- AIM OF THE TASK: Everything in the records below from the line containing "کیف نشنال جئوگرافیک" through the line containing "Traditional Native American" is to be reproduced exactly, those two lines included; no picture is to be copied.

(EXTRACTED INFORMATION Opens)

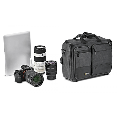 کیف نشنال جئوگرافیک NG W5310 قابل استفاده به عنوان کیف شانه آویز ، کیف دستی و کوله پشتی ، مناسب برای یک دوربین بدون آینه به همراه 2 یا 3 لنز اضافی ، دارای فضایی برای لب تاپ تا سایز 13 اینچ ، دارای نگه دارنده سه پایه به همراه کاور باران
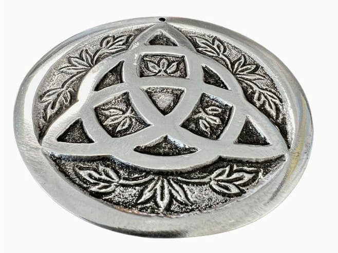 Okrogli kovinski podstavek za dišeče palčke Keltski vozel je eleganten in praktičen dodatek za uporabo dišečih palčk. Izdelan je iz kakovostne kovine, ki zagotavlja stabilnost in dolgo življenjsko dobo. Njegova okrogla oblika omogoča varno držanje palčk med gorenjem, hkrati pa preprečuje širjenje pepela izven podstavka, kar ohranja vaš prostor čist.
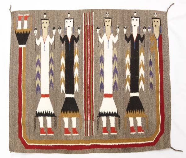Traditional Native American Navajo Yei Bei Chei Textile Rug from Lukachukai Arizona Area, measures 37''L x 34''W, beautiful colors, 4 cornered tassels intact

(EXTRACTED INFORMATION Closes)
(EXTRACTED INFORMATION Opens)

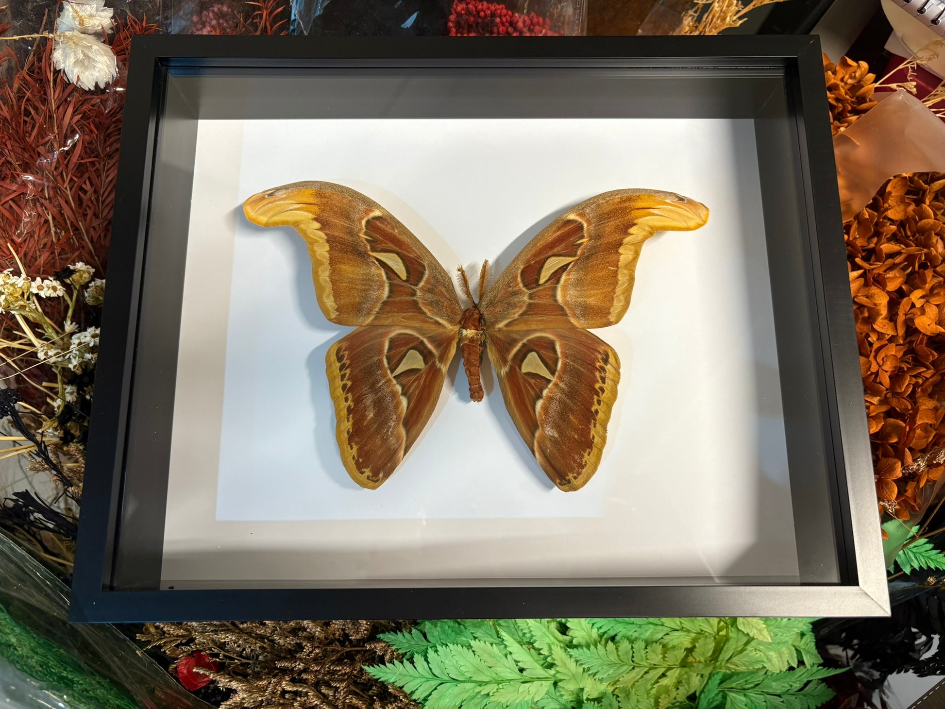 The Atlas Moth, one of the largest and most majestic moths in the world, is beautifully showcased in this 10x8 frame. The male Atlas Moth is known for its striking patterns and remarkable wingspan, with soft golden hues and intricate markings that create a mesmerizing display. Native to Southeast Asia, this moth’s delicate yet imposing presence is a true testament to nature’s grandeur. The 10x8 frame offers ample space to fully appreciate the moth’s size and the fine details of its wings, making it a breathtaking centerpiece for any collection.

(EXTRACTED INFORMATION Closes)

- EXERCISE RESPONSE:
 کیف نشنال جئوگرافیک NG W5310 قابل استفاده به عنوان کیف شانه آویز ، کیف دستی و کوله پشتی ، مناسب برای یک دوربین بدون آینه به همراه 2 یا 3 لنز اضافی ، دارای فضایی برای لب تاپ تا سایز 13 اینچ ، دارای نگه دارنده سه پایه به همراه کاور باران
 Okrogli kovinski podstavek za dišeče palčke Keltski vozel je eleganten in praktičen dodatek za uporabo dišečih palčk. Izdelan je iz kakovostne kovine, ki zagotavlja stabilnost in dolgo življenjsko dobo. Njegova okrogla oblika omogoča varno držanje palčk med gorenjem, hkrati pa preprečuje širjenje pepela izven podstavka, kar ohranja vaš prostor čist.
Traditional Native American Navajo Yei Bei Chei Textile Rug from Lukachukai Arizona Area, measures 37''L x 34''W, beautiful colors, 4 cornered tassels intact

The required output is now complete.